[Items from a dataset]
+ + +

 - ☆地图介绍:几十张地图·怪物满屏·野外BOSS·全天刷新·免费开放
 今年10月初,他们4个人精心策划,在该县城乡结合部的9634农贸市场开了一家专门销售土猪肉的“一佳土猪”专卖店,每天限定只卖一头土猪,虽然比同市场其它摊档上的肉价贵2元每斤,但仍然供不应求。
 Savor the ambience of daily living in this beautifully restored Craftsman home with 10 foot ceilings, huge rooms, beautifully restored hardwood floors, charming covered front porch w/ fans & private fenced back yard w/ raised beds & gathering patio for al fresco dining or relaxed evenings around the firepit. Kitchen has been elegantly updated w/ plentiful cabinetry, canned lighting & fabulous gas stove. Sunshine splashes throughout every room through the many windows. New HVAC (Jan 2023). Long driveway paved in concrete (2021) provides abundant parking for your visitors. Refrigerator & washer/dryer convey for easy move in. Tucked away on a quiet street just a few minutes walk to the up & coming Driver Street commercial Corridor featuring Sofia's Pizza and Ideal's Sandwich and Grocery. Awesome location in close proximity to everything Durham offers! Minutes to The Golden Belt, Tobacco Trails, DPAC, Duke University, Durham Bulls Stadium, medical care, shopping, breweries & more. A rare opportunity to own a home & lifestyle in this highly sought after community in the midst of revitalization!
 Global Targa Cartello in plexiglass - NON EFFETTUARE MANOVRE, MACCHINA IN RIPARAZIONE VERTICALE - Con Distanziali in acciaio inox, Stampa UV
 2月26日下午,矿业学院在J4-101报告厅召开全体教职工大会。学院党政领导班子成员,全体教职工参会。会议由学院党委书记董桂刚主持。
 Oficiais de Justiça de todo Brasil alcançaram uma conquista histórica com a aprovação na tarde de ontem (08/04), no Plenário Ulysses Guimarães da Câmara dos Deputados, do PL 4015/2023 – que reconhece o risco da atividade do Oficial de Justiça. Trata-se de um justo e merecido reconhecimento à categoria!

+ + +

TASK ITEM: Repeat exactly the lines from the first line of the records above through the line containing "今年10月初,他们4个人精心", both included, and nothing else.

EXERCISE RESULT:
 - ☆地图介绍:几十张地图·怪物满屏·野外BOSS·全天刷新·免费开放
 今年10月初,他们4个人精心策划,在该县城乡结合部的9634农贸市场开了一家专门销售土猪肉的“一佳土猪”专卖店,每天限定只卖一头土猪,虽然比同市场其它摊档上的肉价贵2元每斤,但仍然供不应求。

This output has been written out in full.